Urban Outfitters does a spectacular job. They’re actually a tenant of ours at 1333 Broadway on the corner of 35th [Street]. They built a 65,000-square-foot three-level lifestyle center. I’m not an Urban customer. I go into look. You’re enjoying the experience. And if you’re enjoying the experience and you spend more time within the store, there’s a good chance you’re going to buy something.
So it’s a successful store.
It’s doing very well. That whole concept helped kick-start Broadway. And I can talk a little bit about that because we’re seeing the fruits of our labor now, which is great. When you used to come in to Macy’s, when you’d come out onto Broadway, there was never a reason to make a left to go between Broadway and 35th to 41st Streets. You had some food users. There was nothing exciting, so we were fortunate enough to do Urban Outfitters [in 2013]. It replaced Conway, which was a terrible discounter. Now, when you walk out of Macy’s, you’ll make the left and almost the way I envision it, it extends the 34th Street shopping corridor. So after we did Urban, the next deal we did on 36th Street and Broadway was for Shake Shack, which just opened this week to a crushing open. It was insane how crowded they were.
And then what we did was we put in a company out of London, a small cosmetics shop called Rituals. We had three mall retailers, open on Broadway, Shake Shack, Rituals and then at 1359 Broadway Papyrus opened on the next block. They all opened last week. Good timing, huh? This is one of the last remaining areas that doesn’t have great retail. We’re trying to convert because we own 1333 Broadway, 1350 Broadway, 1359 Broadway and 1400 Broadway. The garment industry doesn’t exist anymore. So it’s all now TAMI [or technology, advertising, media and information] tenants, and great high-income individuals are now having their offices there so the last thing to be converted is the retail from Broadway and 35th Street working its way north to 40th Street or 41st Street. Think about it, you have Times Square to the north. You have Herald Square, 34th Street, to the south. So this is that void that’s there now, and we’re going to change that. And it started now between Urban, Papyrus, Rituals and Shake Shack.

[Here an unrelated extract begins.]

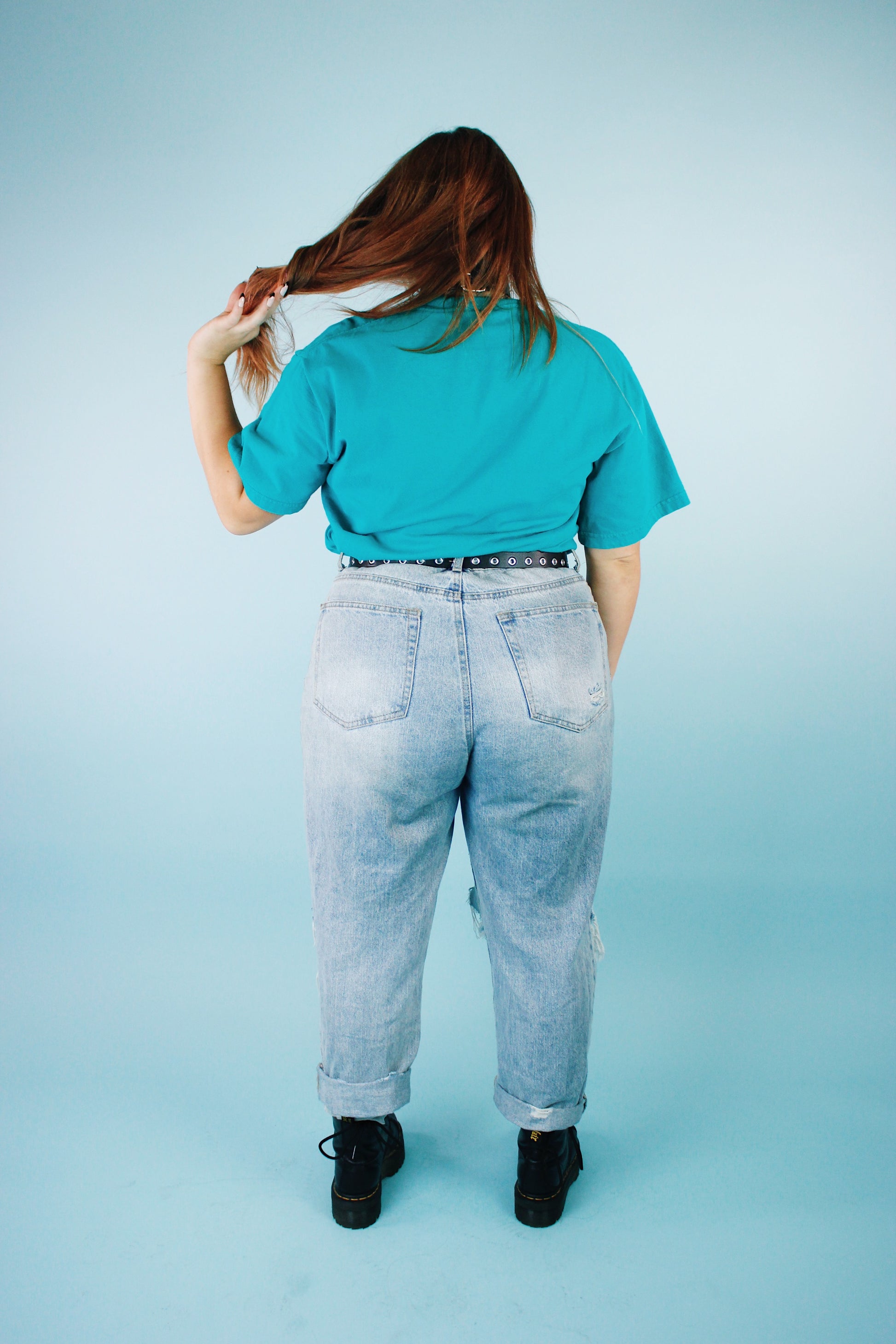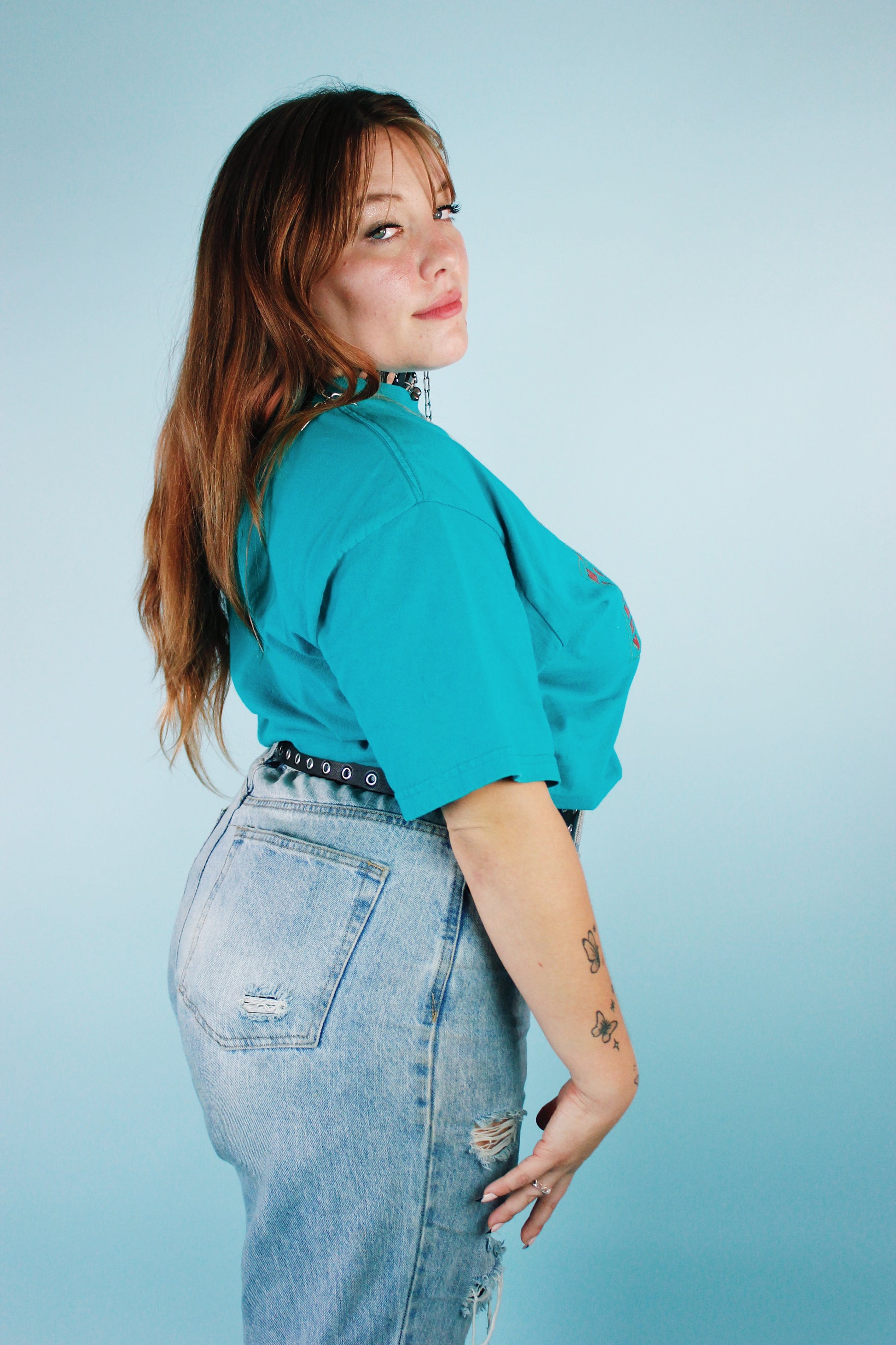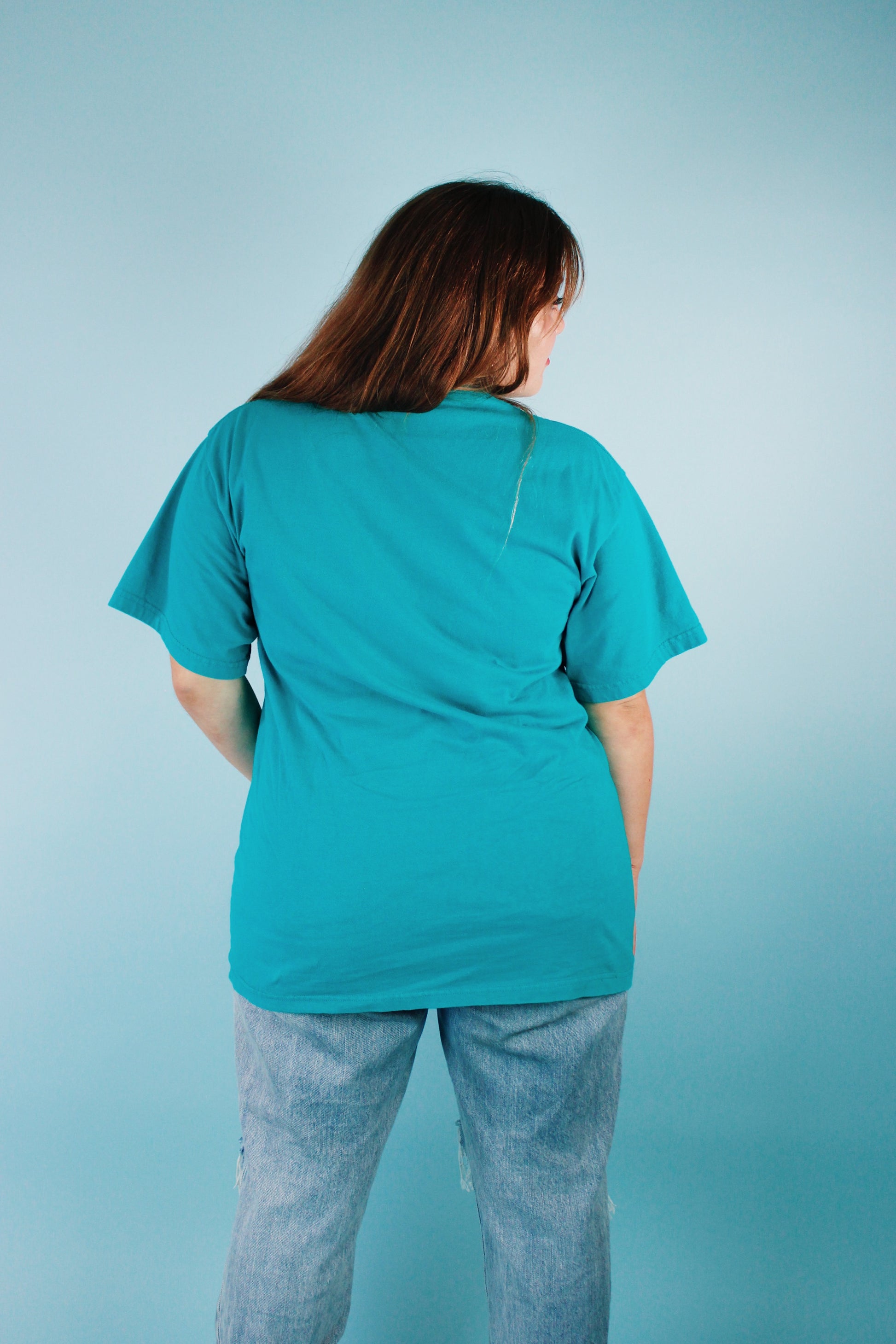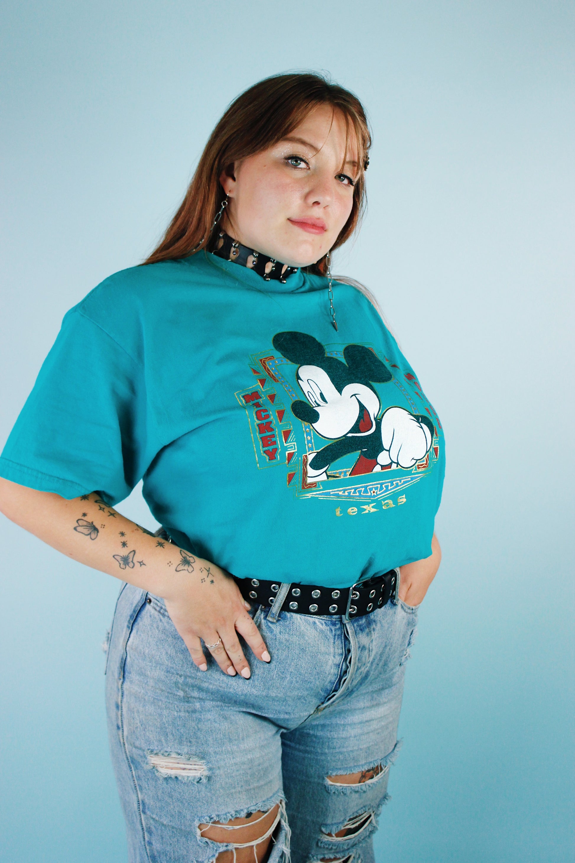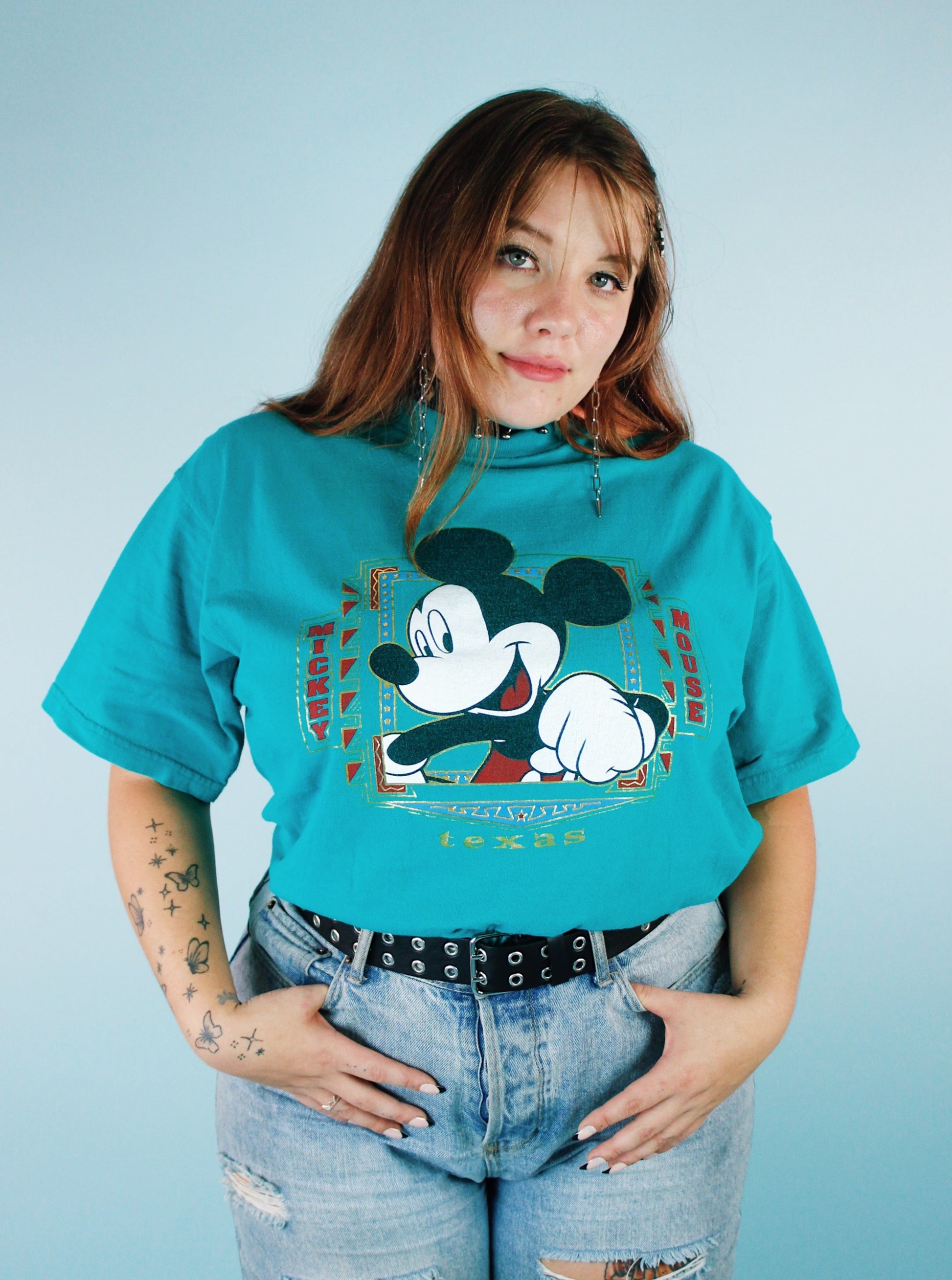 Vintage 90s teal mickey mouse "texas" graphic tee with a foil gold frame. Printed on a Tultex tee. Tag size XL, 100% Cotton. Best fits an XL. Seen on Amira.

What’s the next hot neighborhood?
Broadway and 35th [Street]. I’m telling you. It has all of the ingredients. Let’s make an appointment to sit next year at ICSC [in Las Vegas] and talk about it.
What do you think you’ll be telling me next year at this time?
I’ll show you everything that we have accomplished. We’ve already started the inroads where some of the mall tenants have discovered it. There are going to be more. You have a lot of availabilities on Broadway. 1407 is redoing their retail, 1411 is redoing their retail, 1384 is redoing their retail. All of the owners are really following [suit].
So the story is how it’s a tweener neighborhood.
It’s a tweener now, but it’s not going to be. Our fiduciary responsibility is to educate the retailers in terms of what is there. We do that now. We talk to brokers. We talk to tenants. We take five-hour plane rides from New York to ICSC.